Figure 3. Overview of the Expression Patterns of Genes Peaking at Selected Developmental Stages

(A,B) Differentially expressed genes were clustered based on the peak of expression at the selected developmental stages and presented in the clustergram. Of the total number of 3,657 genes analyzed, 622, 609, 1,006, 688, and 732 genes showed peak expression at maternal, blastula, gastrula, segmentation, and pharyngula stages, respectively.

(C) General trend and average performance of the genes at each developmental stage are graphically represented (red, high expression; green, low expression). It is clear from this analysis that different sets of genes displayed their maximum at different stages of development, indicating the temporal/stage-specific maximum activity of the developmentally regulated genes.

The following observations can be made from this analysis. Of the total number of 3,657 genes analyzed, 622 genes (17%; Dataset S13) showed maximum activity at the maternal stage. Of the remaining 3,035 (zygotic) genes, 609 (16.6%), 1,006 (27.5%), 688 (18.9%), and 732 (20.0%) genes showed maximum transcript levels at blastula (Dataset S14), gastrula (Dataset S15), segmentation (Dataset S16), and pharyngula (Dataset S17) stages, respectively (Figure 3B). Analysis of our results indicated that some of the genes have short spans of activity while others have extended periods of expression, suggestive of functional requirements. As an example, we analyzed the array data and found abundant transcripts for birc5b (baculoviral IAP repeat-containing 5B, also called survivin2) and cell-death regulator mcl1a (myeloid cell leukemia sequence 1a) up to the blastula stage. These gene families have been implicated in anti-apoptotic functions [4547]. It has also been shown that survivin is abundantly expressed in Xenopus during oogenesis and early embryogenesis functioning as an inhibitor of apoptosis and a positive regulator of the cell cycle [48]. The transcript abundance of birc5b and mcl1a, negative regulators of apoptosis, during maternal/blastula stages, indicated the importance of regulating apoptotic process during early embryonic development. It has been reported that embryonic apoptosis is activated in the zebrafish during the gastrula stage, and it is most likely that down-regulation of the maternally derived negative regulators may activate the embryonic apoptotic process in zebrafish during the gastrula stage [49].

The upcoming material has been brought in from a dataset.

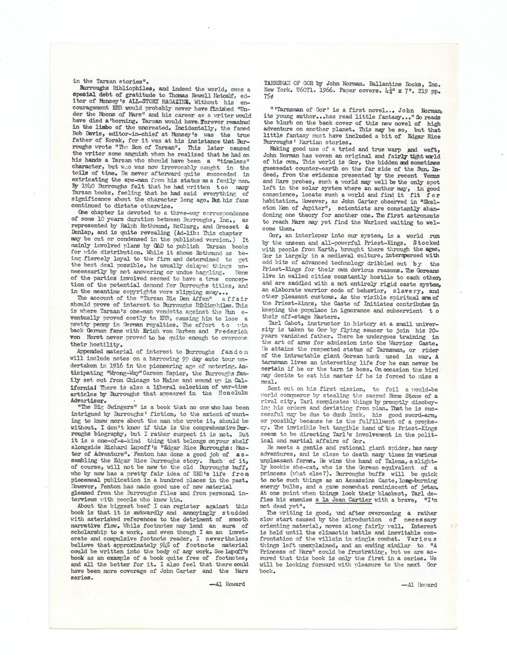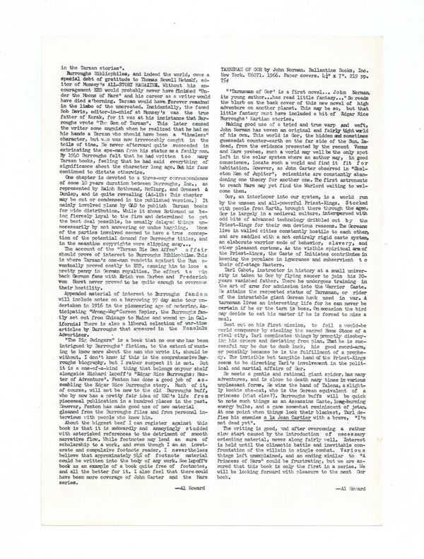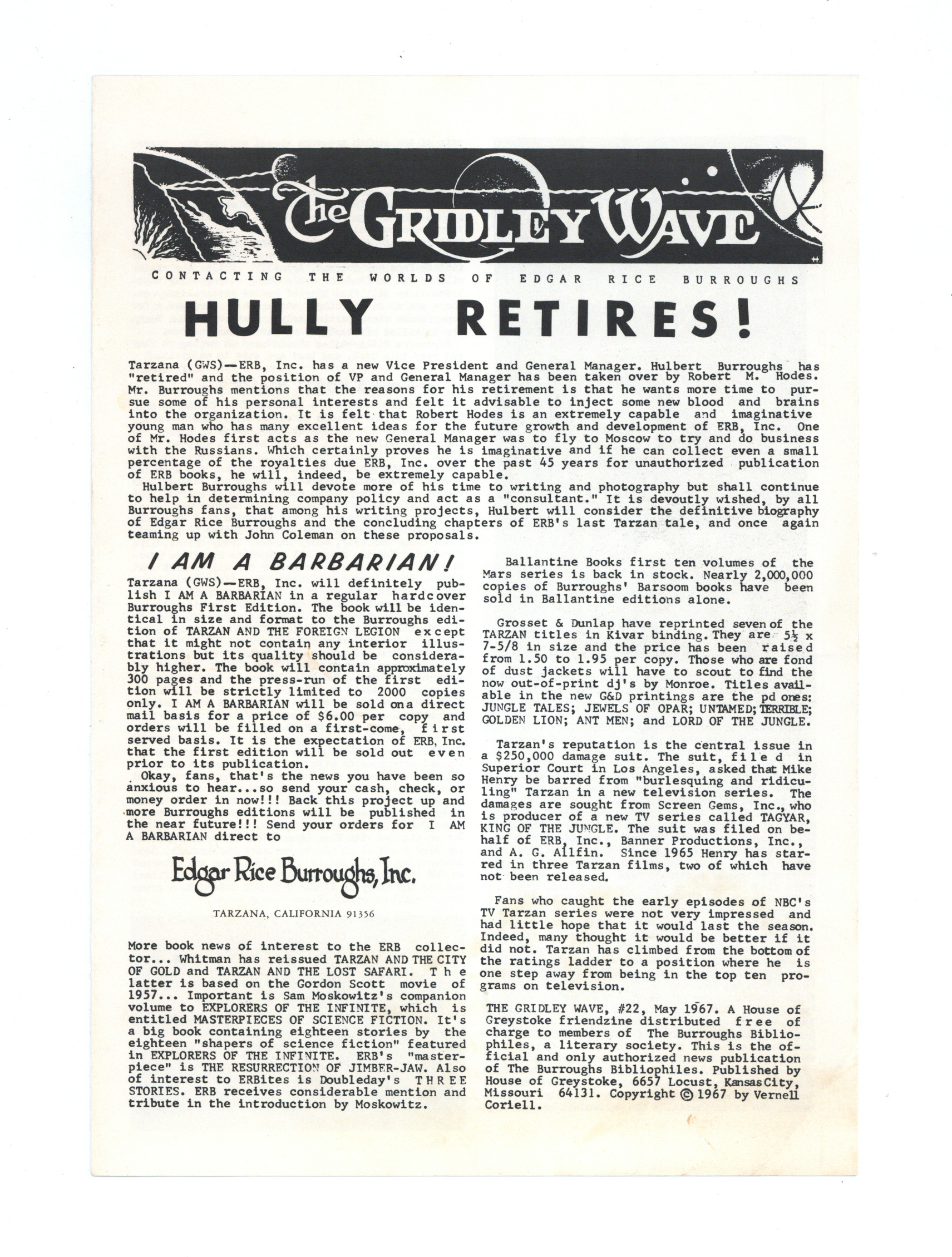Published May 1967 by Edgar Rice Burroughs, Inc.$18.00Tarzan newsletter by Vernell Coriell. Book reviews of Treasure of the Black Falcon and The Big Swingers. 7-in. x 10-in., 4 Pages. B&W.

Genes displaying a peak of expression during the pharyngula stage continued their expression beyond the pharyngula stage, suggesting a functional requirement for these genes during embryonic and post-embryonic stages of development. For example, ceruloplasmin (cp), which has been implicated in liver development [50], displayed maximum expression during the pharyngula stage. Expression of this gene did not terminate at the end of the pharyngula stage, suggesting that its continued expression during post-embryonic stages could be playing a role in liver function. The genes that displayed similar expression are involved in parallel embryonic and post-embryonic developmental processes. For example, muscle-specific genes and collagens also show similar patterns of expression, as they are involved in the progressive formation of muscles and skeletal development in zebrafish. It is known that almost all the primordial processes of organogenesis commence at gastrulation and continue during segmentation and post-segmentation stages. Thus, an overview of genome-wide expression analysis demonstrated a temporally demarked expression pattern of developmentally regulated genes and showed that the gene activities were well correlated with the developmental events at the respective stages. Prior to our analysis, only 7% of the differentially expressed genes were fully annotated (with GO), and temporal expression patterns for the majority of the clones in the array were not established. Our analysis, for the first time to our knowledge, identified the temporal patterns of expression for about 80%–90% of the clones, and for most of them the patterns of expression are presented here for the first time, to our knowledge.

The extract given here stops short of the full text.